(RECORDED DATA Opens)

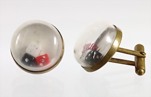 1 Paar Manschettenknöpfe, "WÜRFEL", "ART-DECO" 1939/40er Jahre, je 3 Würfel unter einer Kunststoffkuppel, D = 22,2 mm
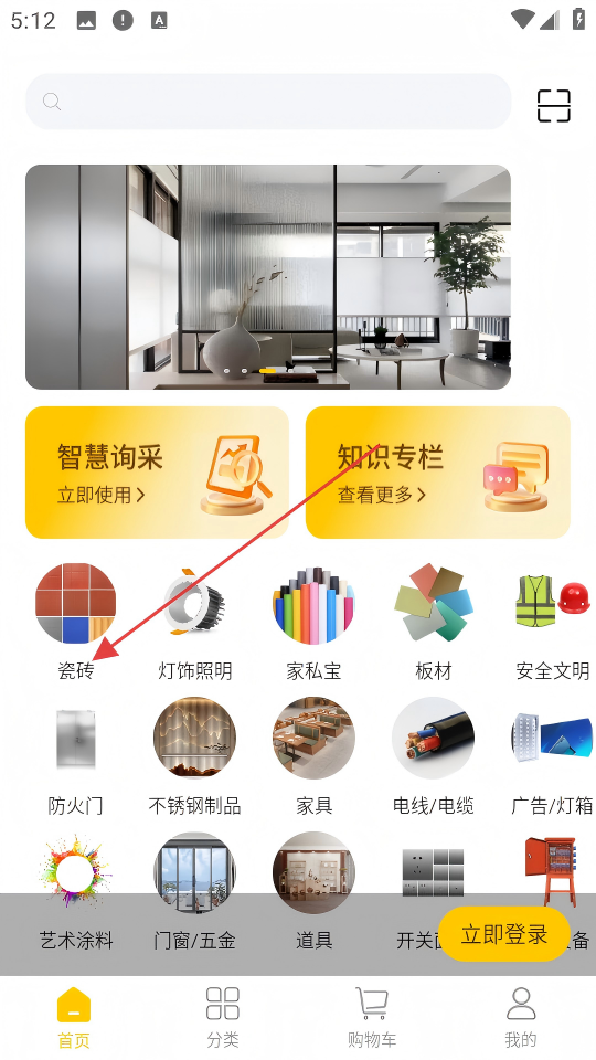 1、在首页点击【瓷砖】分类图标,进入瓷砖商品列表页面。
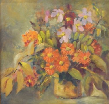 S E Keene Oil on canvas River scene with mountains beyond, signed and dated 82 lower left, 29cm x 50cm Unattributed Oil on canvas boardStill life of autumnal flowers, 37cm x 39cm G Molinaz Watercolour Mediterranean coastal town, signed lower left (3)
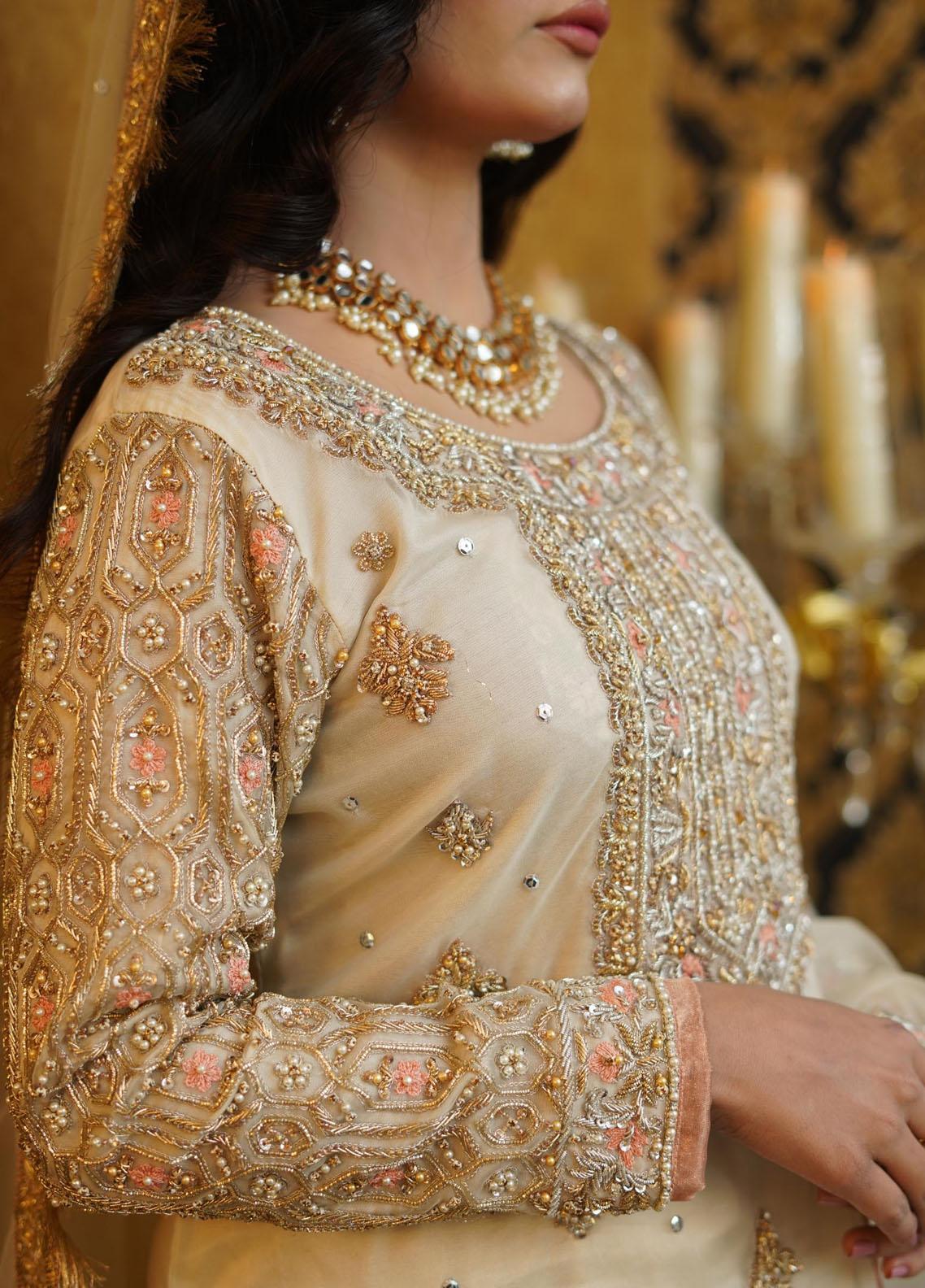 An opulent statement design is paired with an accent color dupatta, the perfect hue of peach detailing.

(RECORDED DATA Closes)

Your copy should match the data above exactly, apart from the pictures.

 1 Paar Manschettenknöpfe, "WÜRFEL", "ART-DECO" 1939/40er Jahre, je 3 Würfel unter einer Kunststoffkuppel, D = 22,2 mm
 1、在首页点击【瓷砖】分类图标,进入瓷砖商品列表页面。
 S E Keene Oil on canvas River scene with mountains beyond, signed and dated 82 lower left, 29cm x 50cm Unattributed Oil on canvas boardStill life of autumnal flowers, 37cm x 39cm G Molinaz Watercolour Mediterranean coastal town, signed lower left (3)
 An opulent statement design is paired with an accent color dupatta, the perfect hue of peach detailing.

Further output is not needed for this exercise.